▸ **Source data**:
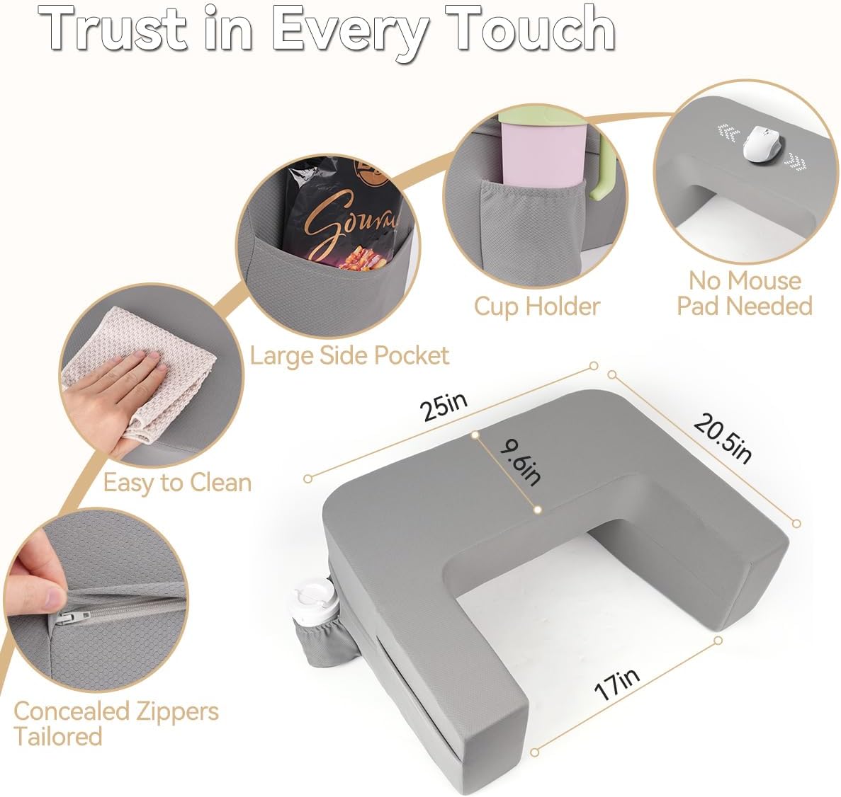 Reading Pillow for Gaming,Soft Lap Desk Pillow for Laptop,Ultimate Lap Pillow with Cup Holder Pocket,Comfort Laptop Lap Desk for Bed Couch Car (Gray, Large)
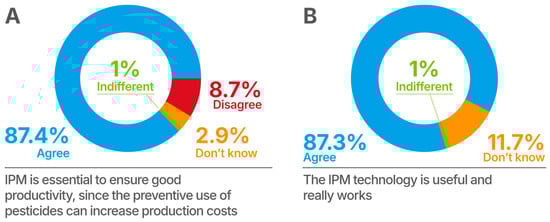 In our survey, the percentage of respondents who consider the cost of hiring an IPM monitor to be worth it in relation to the preventive application of insecticides is similar to the percentage of those who think otherwise (40.8% vs. 35%) (Figure 8A). This result shows that the perception of costs of a large percentage of farmers do not consider medium and long-term environmental costs, as if the two different strategies (monitoring the pest population to decide whether to apply insecticides versus applying insecticides preventively) were interchangeable. Also, it is remarkable that almost one fifth of the respondents do not know what their costs are with pest monitoring (Figure 8A). Interestingly, at the same time, a great majority of the respondents (86.4%) agreed that IPM reduces the costs related to pest control and benefits related to the agroecosystem, which indicates that farmers are aware of the benefits of reducing the use of insecticides (Figure 8B).
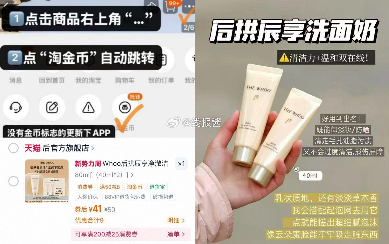 Whoo后洁面膏40ml*2支免费领!右上角进淘金币
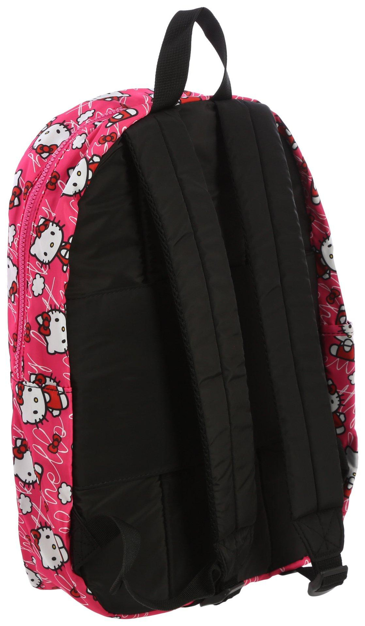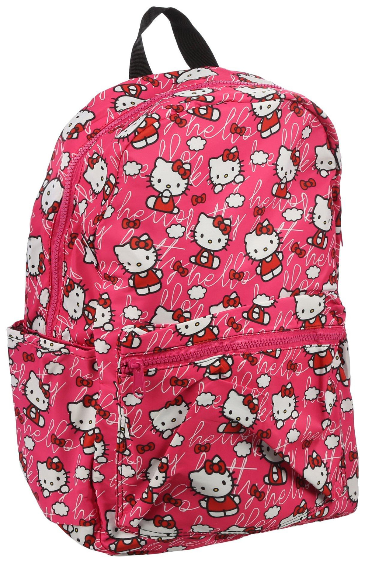 Introducing the Kids Hello Kitty Print Backpack, a delightful and functional accessory for young fans. This backpack features a top zip compartment with an inner slip pocket for a laptop, a front zip pocket for easy access to essentials, adjustable straps for a comfortable fit, and a side water bottle pocket. Measuring 17 in. x 12 in., its perfect for school, travel, or everyday adventures. The adorable Hello Kitty print adds a fun and playful touch to any outfit.
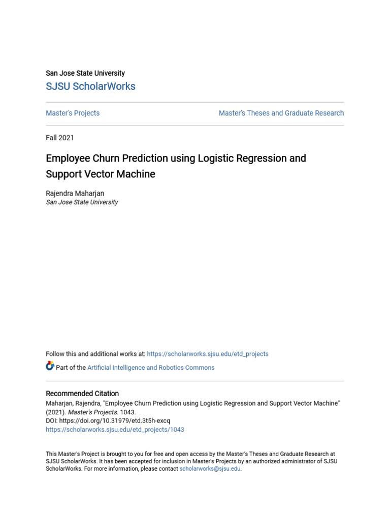 Maharjan, Rajendra, "Employee Churn Prediction using Logistic Regression and Support Vector Machine"
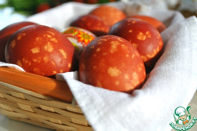 В основном, конечно, луковую шелуху. Для этого наполнить кастрюлю наполовину холодной водой и добавить луковую шелуху (чем больше шелухи, тем лучше цвет. Но учтите, что она должна плавать в воде). Проварить шелуху 10 минут и дать отвару настояться и остыть до комнатной температуры.
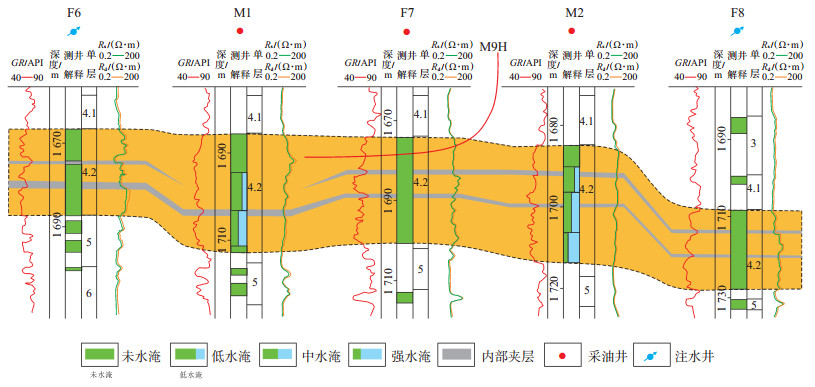 上述夹层控制下的剩余油分布模式研究有效指导了A油田的剩余油挖潜实践[14-15],并取得了较好的开发效果。以油田F6-M2井组为例,M1与M2井均是2013年油井排加密实施的2口调整井(图 8),从钻后水淹规律来看,纵向上动用程度不均,砂体中下部水淹程度强,顶部水淹程度弱,特别是M2井投产后含水率高达95%,测试资料显示该井4.2单层为主要产水层。针对M2井组生产情况,经储层构型精细解剖分析后认为:4.2单层主力砂体为水下分流河道沉积,底部已形成强水淹优势渗流通道,但由于砂体内部夹层发育,能够遮挡注入水垂向运移,使注入水主要沿夹层下部波及,顶部动用程度低,仍然有大量剩余油富集。在油田后续调整中,在该套砂体的顶部部署实施了水平井M9H来挖潜剩余油,M9H井投产初期产油量达100 m3/d,含水率一直维持在30%以下,实施效果良好。

▸ **WHAT IS EXPECTED**: Write the data out again exactly, but without its images.

▸ **TASK OUTPUT**:
 Reading Pillow for Gaming,Soft Lap Desk Pillow for Laptop,Ultimate Lap Pillow with Cup Holder Pocket,Comfort Laptop Lap Desk for Bed Couch Car (Gray, Large)
 In our survey, the percentage of respondents who consider the cost of hiring an IPM monitor to be worth it in relation to the preventive application of insecticides is similar to the percentage of those who think otherwise (40.8% vs. 35%) (Figure 8A). This result shows that the perception of costs of a large percentage of farmers do not consider medium and long-term environmental costs, as if the two different strategies (monitoring the pest population to decide whether to apply insecticides versus applying insecticides preventively) were interchangeable. Also, it is remarkable that almost one fifth of the respondents do not know what their costs are with pest monitoring (Figure 8A). Interestingly, at the same time, a great majority of the respondents (86.4%) agreed that IPM reduces the costs related to pest control and benefits related to the agroecosystem, which indicates that farmers are aware of the benefits of reducing the use of insecticides (Figure 8B).
 Whoo后洁面膏40ml*2支免费领!右上角进淘金币
 Introducing the Kids Hello Kitty Print Backpack, a delightful and functional accessory for young fans. This backpack features a top zip compartment with an inner slip pocket for a laptop, a front zip pocket for easy access to essentials, adjustable straps for a comfortable fit, and a side water bottle pocket. Measuring 17 in. x 12 in., its perfect for school, travel, or everyday adventures. The adorable Hello Kitty print adds a fun and playful touch to any outfit.
 Maharjan, Rajendra, "Employee Churn Prediction using Logistic Regression and Support Vector Machine"
 В основном, конечно, луковую шелуху. Для этого наполнить кастрюлю наполовину холодной водой и добавить луковую шелуху (чем больше шелухи, тем лучше цвет. Но учтите, что она должна плавать в воде). Проварить шелуху 10 минут и дать отвару настояться и остыть до комнатной температуры.
 上述夹层控制下的剩余油分布模式研究有效指导了A油田的剩余油挖潜实践[14-15],并取得了较好的开发效果。以油田F6-M2井组为例,M1与M2井均是2013年油井排加密实施的2口调整井(图 8),从钻后水淹规律来看,纵向上动用程度不均,砂体中下部水淹程度强,顶部水淹程度弱,特别是M2井投产后含水率高达95%,测试资料显示该井4.2单层为主要产水层。针对M2井组生产情况,经储层构型精细解剖分析后认为:4.2单层主力砂体为水下分流河道沉积,底部已形成强水淹优势渗流通道,但由于砂体内部夹层发育,能够遮挡注入水垂向运移,使注入水主要沿夹层下部波及,顶部动用程度低,仍然有大量剩余油富集。在油田后续调整中,在该套砂体的顶部部署实施了水平井M9H来挖潜剩余油,M9H井投产初期产油量达100 m3/d,含水率一直维持在30%以下,实施效果良好。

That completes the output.